EXERCISE DATA:
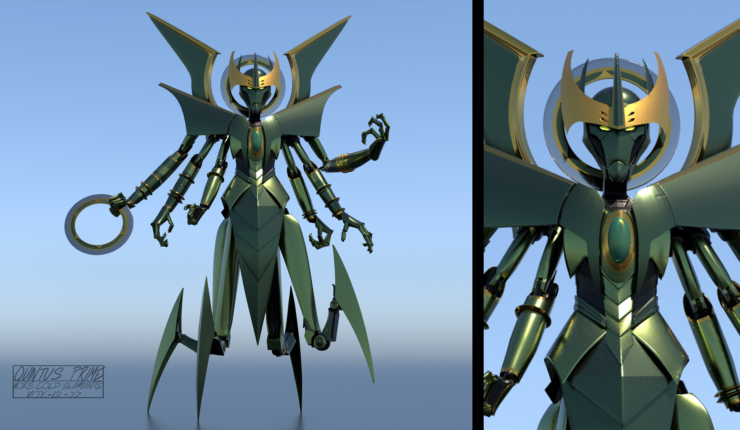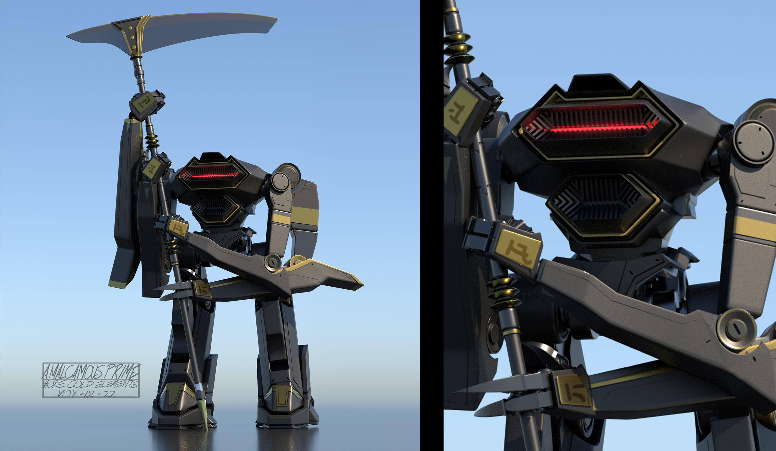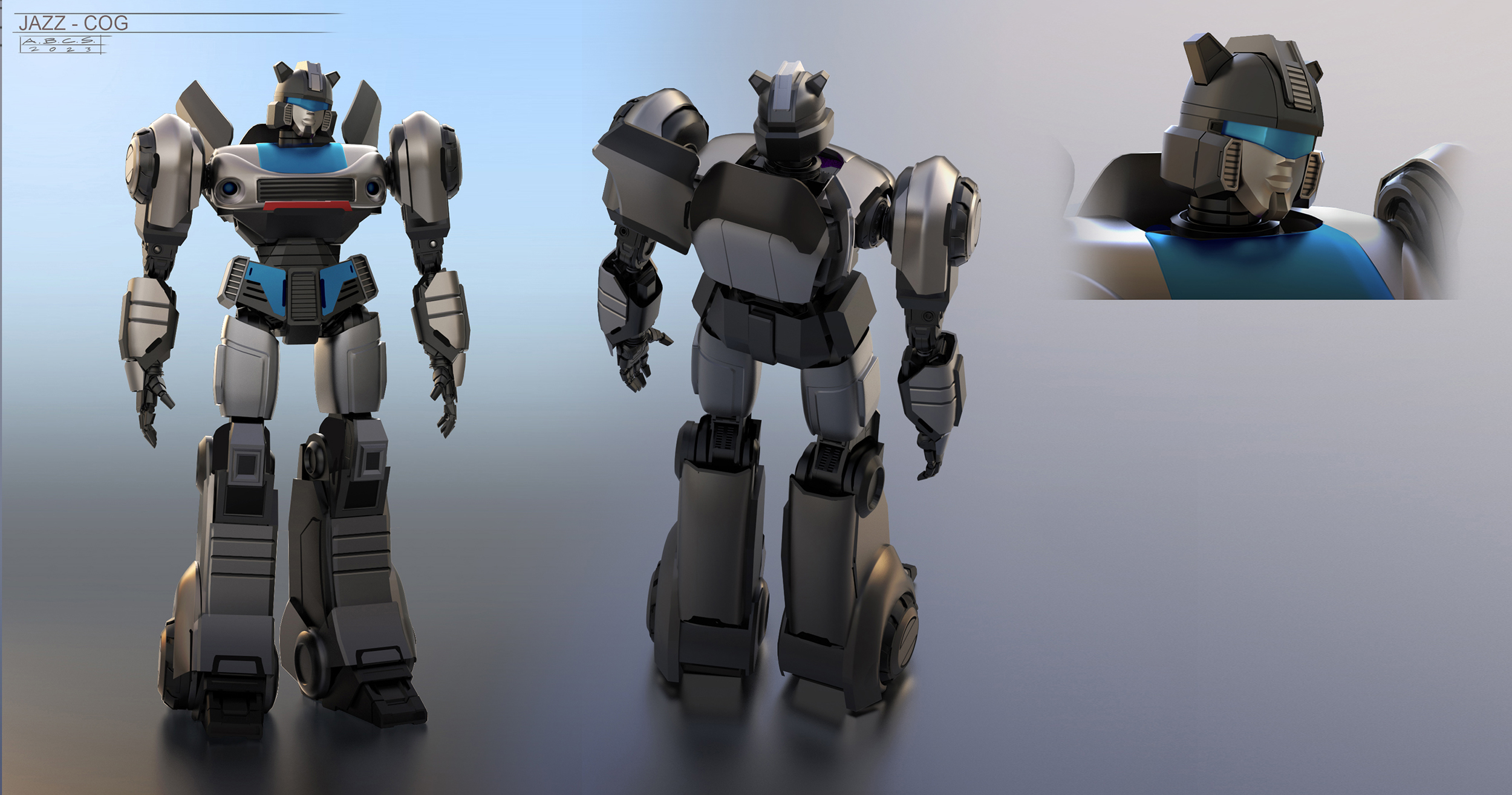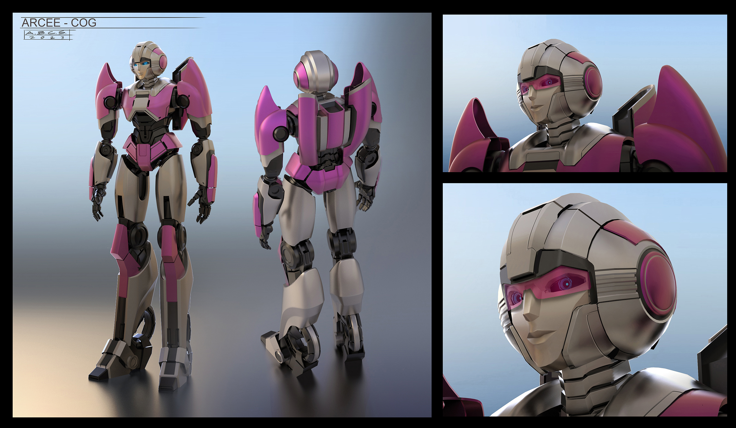 For Transformers One, the art department aimed to create shapes and silhouettes that appeared clean and simple from a distance, yet included intricate, purposeful details up-close, such as cut lines in the panels, smaller inset geometry, and layered panel work. Given that iconic Transformer designs often stem from their helmet shapes, the art department worked to seamlessly integrate faces into the helmets, enhancing their expressiveness while maintaining a mechanical, rigid aesthetic.
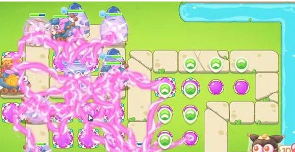 3、第二波我们需要迅速清理箭头所示的障碍物,把2号魔法球升满级且放置3号魔法球。
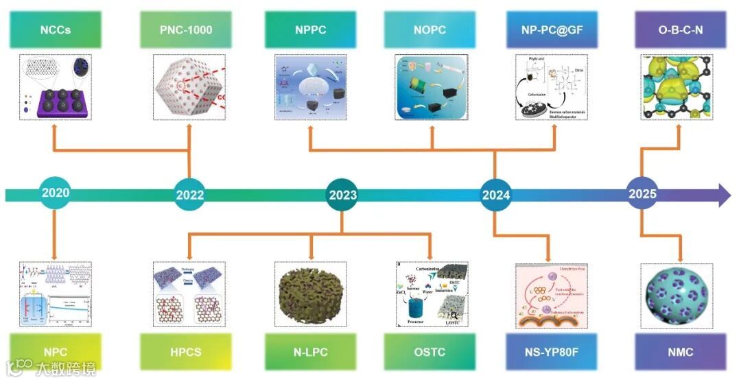 图5. 杂原子掺杂碳催化剂在Zn-I2电池中的最新进展。

WORK TASK:
Return the material above verbatim. Pictures are to be excluded.

RESPONSE FOR THIS EXERCISE:
 For Transformers One, the art department aimed to create shapes and silhouettes that appeared clean and simple from a distance, yet included intricate, purposeful details up-close, such as cut lines in the panels, smaller inset geometry, and layered panel work. Given that iconic Transformer designs often stem from their helmet shapes, the art department worked to seamlessly integrate faces into the helmets, enhancing their expressiveness while maintaining a mechanical, rigid aesthetic.
 3、第二波我们需要迅速清理箭头所示的障碍物,把2号魔法球升满级且放置3号魔法球。
 图5. 杂原子掺杂碳催化剂在Zn-I2电池中的最新进展。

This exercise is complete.